Activity: Make an exact copy of the data below, leaving out every picture.

[Opening The data section]

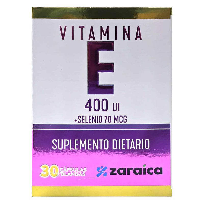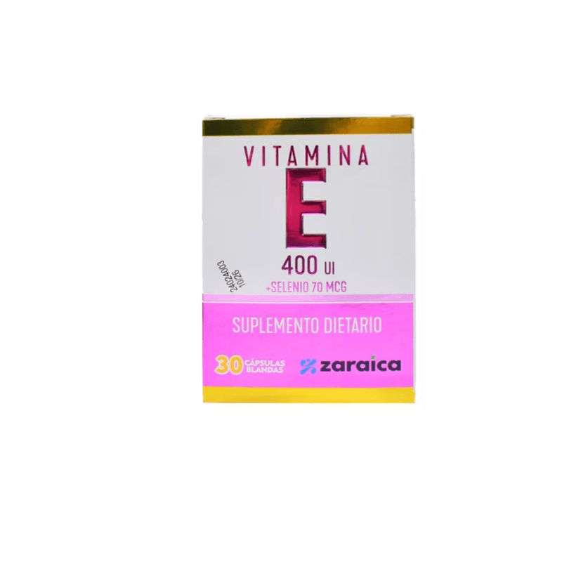 Vitamina E 400 Ul Selenio 70 Mcg Caja X 30 Caps Este suplemento combina Vitamina E (un antioxidante) en una dosis de 400 UI con selenio (un mineral con propiedades antioxidantes) en una dosis de 70 mcg. La caja contiene 30 cápsulas para complementar la dieta y apoyar la salud celular.
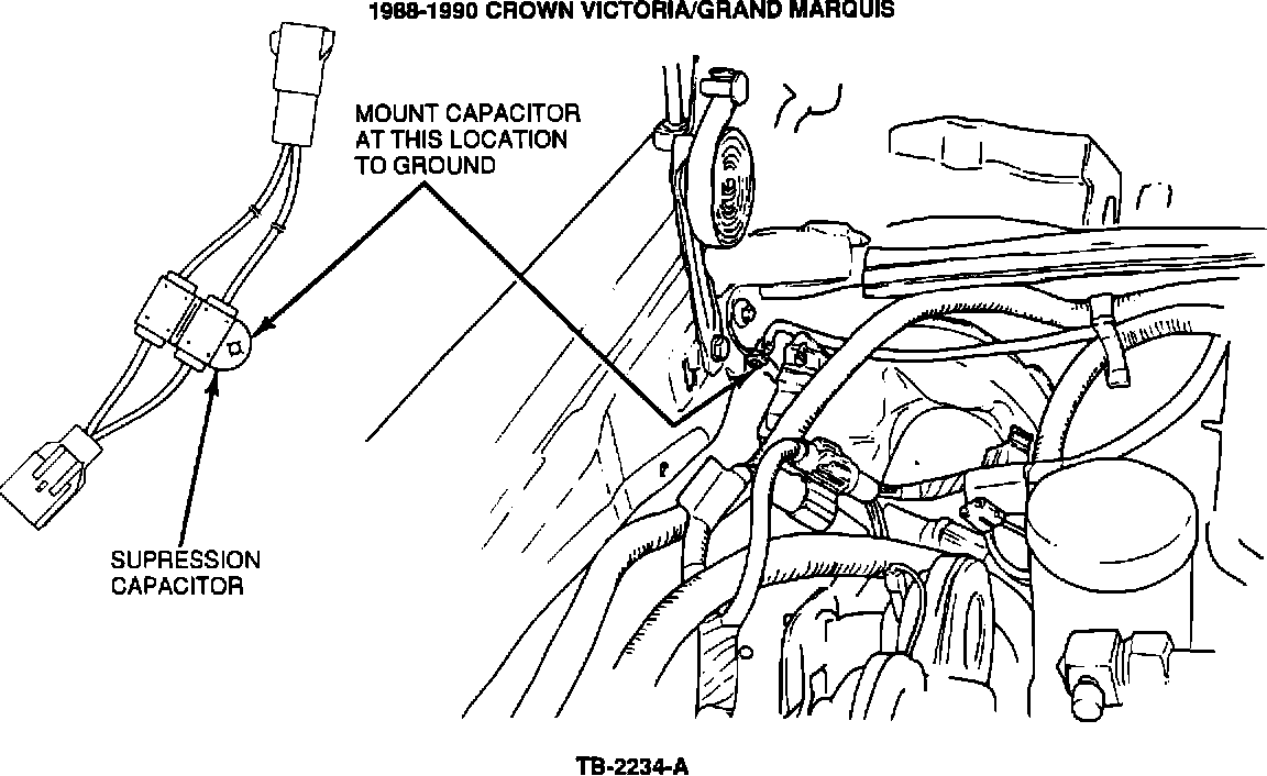 ACTION: Install a radio noise suppression capacitor assembly (F0DZ-18841-A) in series with the heated windshield power feed lines, Figures 1-4. Refer to the following procedure for service details.
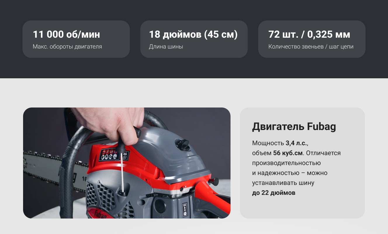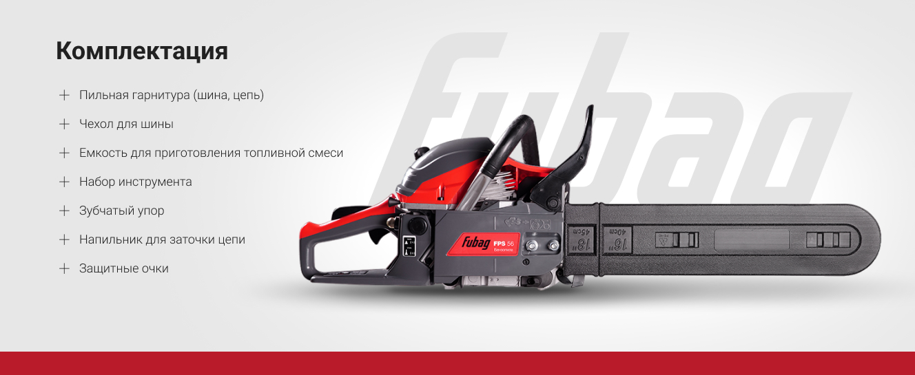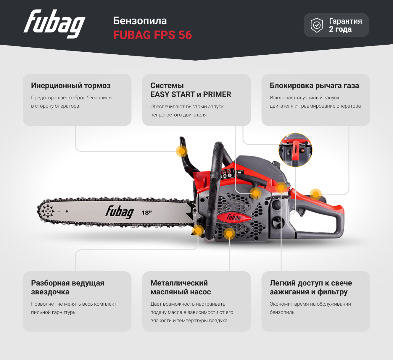 Бензопила FUBAG FPS 56 38707 предназначена для частого и длительного использования в лесной, строительной и коммунальной отраслях благодаря мощному двигателю с увеличенным рабочим ресурсом. Система быстрой натяжки цепи и разборная ведущая звездочка повышают удобство эксплуатации и обеспечивают быструю замену пильной гарнитуры. Для легкого и быстрого запуска непрогретого инструмента предусмотрены функции Easy Start и Primer.
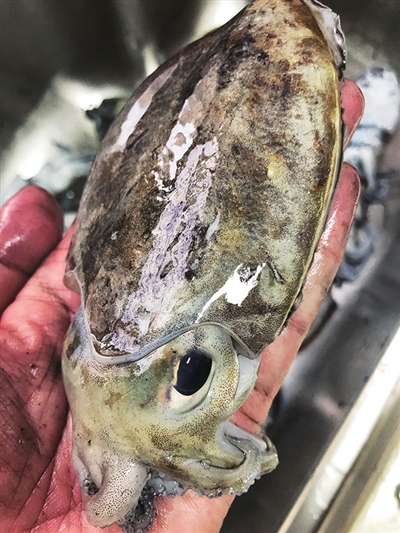 眼下,正是青岛近海垂钓金乌贼(下图)的季节,金乌贼属于软体动物,俗称墨鱼、乌鱼。每年9月—11月,金乌贼便会大量出现在青岛的近海海域及胶州湾内,吸引钓友前来垂钓。

[Closing The data section]

Answer section:
 Vitamina E 400 Ul Selenio 70 Mcg Caja X 30 Caps Este suplemento combina Vitamina E (un antioxidante) en una dosis de 400 UI con selenio (un mineral con propiedades antioxidantes) en una dosis de 70 mcg. La caja contiene 30 cápsulas para complementar la dieta y apoyar la salud celular.
 ACTION: Install a radio noise suppression capacitor assembly (F0DZ-18841-A) in series with the heated windshield power feed lines, Figures 1-4. Refer to the following procedure for service details.
 Бензопила FUBAG FPS 56 38707 предназначена для частого и длительного использования в лесной, строительной и коммунальной отраслях благодаря мощному двигателю с увеличенным рабочим ресурсом. Система быстрой натяжки цепи и разборная ведущая звездочка повышают удобство эксплуатации и обеспечивают быструю замену пильной гарнитуры. Для легкого и быстрого запуска непрогретого инструмента предусмотрены функции Easy Start и Primer.
 眼下,正是青岛近海垂钓金乌贼(下图)的季节,金乌贼属于软体动物,俗称墨鱼、乌鱼。每年9月—11月,金乌贼便会大量出现在青岛的近海海域及胶州湾内,吸引钓友前来垂钓。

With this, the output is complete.